44. La cueva

DÍAS después, una hermosa mañana, un borriquillo llegaba por el camino real que pasa delante del pueblecillo de Bahadón. El asno venía deprisa porque una mosca lo perseguía desde hacía rato.

«¿No habrá otro asno en toda la comarca?», pensaba Calcetín.

No, no lo había. El camino era angosto, cada vez más, y solitario. Al fin, el hombre que iba montado en él, que no era otro que fray Perico, paró el asno, miró a un lado del camino y cogió un sendero de cabras que desembocaba en una gruta oculta entre los carrascos. Allí metió al borrico, espantó a la mosca y se dispuso a dormir en la fresca cueva.

—Éste será nuestro retiro —dijo fray Perico—. Aquí estaremos tranquilos el tiempo que haga falta, lejos del mundanal ruido —después, se durmió.
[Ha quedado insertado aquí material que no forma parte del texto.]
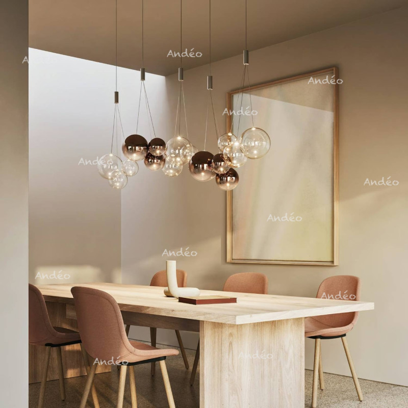 Les luminaires Random peuvent se mettre à l'unité ou en grappe pour créer un grand lustre par exemple grâce à différentes bases disponibles dans Articles associés ci-dessous.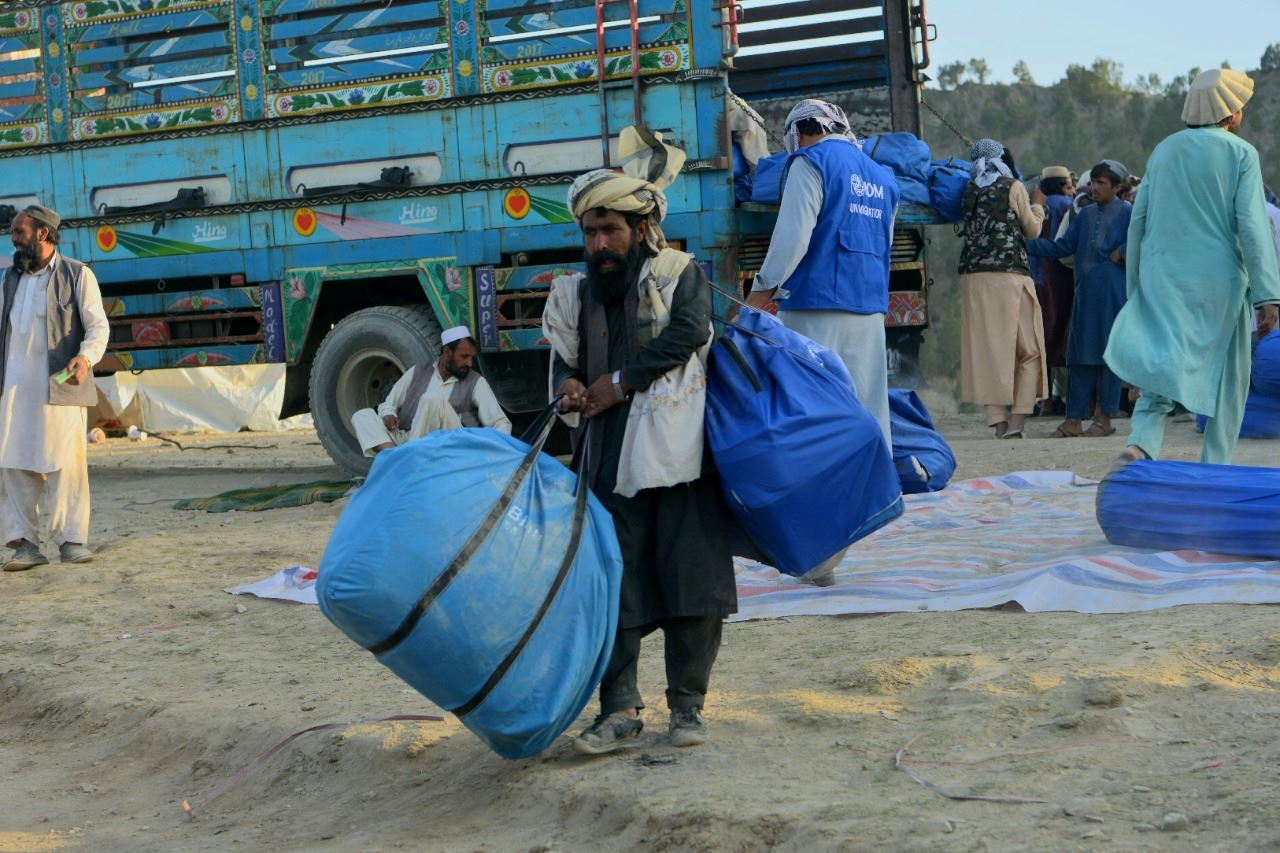 متطوعون يحملون مساعدات مخصصة للأشخاص المتضررين من الزلزال الأخير، في سبيرا في مقاطعة خوست (26 حزيران 2022، أ ف ب).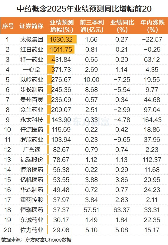 而从机构预测的2025年全年业绩来看,股中有11家公司业绩或将翻倍。高居榜首,2025年业绩预测同比增长1630%。紧随其后,业绩预测同比增长1512%。特一药业、、、、等业绩预测增幅也靠前。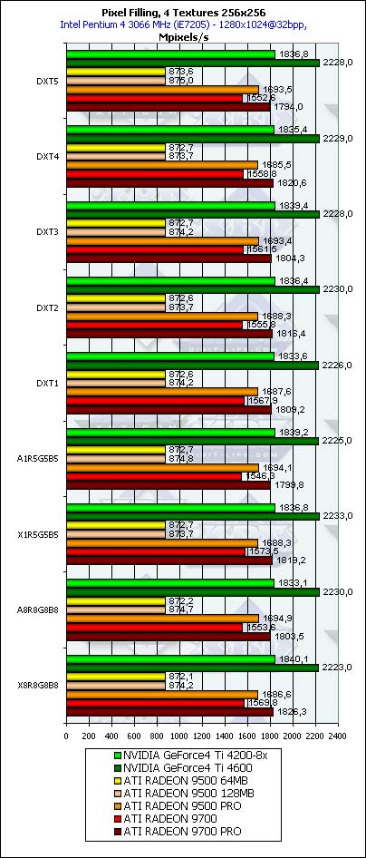 Результаты практически не меняются все чипы давным-давно оптимизированы для 32-битных текстур и выполняют распаковку сжатых текстур без каких-либо задержек. Впрочем, в будущих обзорах, в том числе и обзоре GeForce FX, мы уделим внимание сравнительно новым плавающим форматам буфера рендеринга и текстур, и там, судя по всему, нас будут ждать сюрпризы (с точки зрения влияния формата на скорость обработки).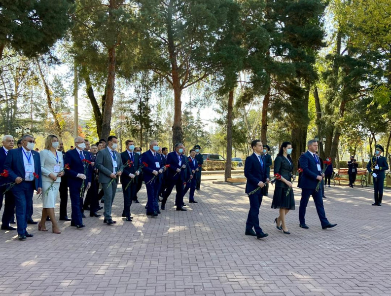 Сегодня международные наблюдатели от межпарламентской ассамблеи стран СНГ во главе с генеральным секретарем Совета МПА СНГ Дмитрием Кобицким, представители от Парламентской ассамблеи ОДКБ, участвующие в наблюдении за выборами депутатов Жогорку Кенеша КР, вместе с вице-мэром столицы Викторией Мозгачевой возложили цветы к памятнику блокадникам Ленинграда в парке Победы им. Д. Асанова на Южных воротах.

De repente, fray Perico abrió los ojos. Un ruido de voces, de juramentos, de maldiciones lo había despertado. Fray Perico se asomó y vio en el camino unos cuarenta hombres. Unos fumaban, otros se lavaban en una fuentecilla, otros jugaban a las cartas sobre una piedra.

—¡Maldita sea, has hecho trampa!

Dos jugadores sacaron las navajas.

—No valen navajas —dijo alguien—. Apretad los puños y rompeos las muelas.

Los dos jugadores se liaron a puñetazos. Hubo uno que quiso separarlos y quedó sangrando por la boca. Al final, todos los hombres acabaron peleando con furia.

De pronto, de la montaña llegó un grito:

—¡Quietos, que ya llegan los franceses! ¡A las armaaaaaas!